You are viewing a plain text version of this content. The canonical link for it is here.
Posted to commits@mesos.apache.org by jp...@apache.org on 2018/10/25 15:46:06 UTC

[mesos] 02/03: Add a flag to toggle per-framework metrics.

This is an automated email from the ASF dual-hosted git repository.

jpeach pushed a commit to branch master
in repository https://gitbox.apache.org/repos/asf/mesos.git

commit 90eddb08c7744337e5c43b15154851a3942001ed
Author: Jacob Janco <jj...@gmail.com>
AuthorDate: Thu Oct 25 07:59:48 2018 -0700

    Add a flag to toggle per-framework metrics.
    
    In clusters with high numbers of frameworks, it can be necessary
    to control publishing of per framework metrics.
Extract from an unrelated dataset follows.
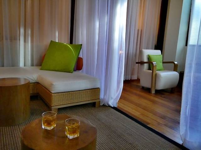我们这5天里,酒店冰箱里提供的汽水一概不喝,就去酒吧里点鸡尾酒、鲜榨果汁、和现调的无酒精乳饮料,对着海边一坐,吹着海风,真的超级惬意,这也是我推荐给你们的原因之一。午餐和晚餐都可以直接喊服务员,为你们夫妇开一瓶最好的红或白葡萄酒,选好后开瓶,就把酒架在你的餐桌旁,随喝随倒,如果你们既是吃货又是酒鬼,那么恭喜你们,你们一定选择对岛屿了。

Metrics are still
    collected for active frameworks, but will not be pulished if this
    flag is set. This allows future extraction of these metrics, e.g.
    an API call or logs while keeping the code change simple.
    
    Review: https://reviews.apache.org/r/68956/
---
 include/mesos/allocator/allocator.hpp       |  1 +
 src/master/allocator/mesos/hierarchical.cpp | 10 +++--
 src/master/allocator/mesos/hierarchical.hpp |  5 ++-
 src/master/allocator/mesos/metrics.cpp      | 28 ++++++++++--
 src/master/allocator/mesos/metrics.hpp      | 10 ++++-
 src/master/flags.cpp                        |  8 ++++
 src/master/flags.hpp                        |  1 +
 src/master/framework.cpp                    |  2 +-
 src/master/master.cpp                       |  1 +
 src/master/master.hpp                       |  2 +-
 src/master/metrics.cpp                      | 70 ++++++++++++++++++-----------
 src/master/metrics.hpp                      |  9 +++-
 12 files changed, 109 insertions(+), 38 deletions(-)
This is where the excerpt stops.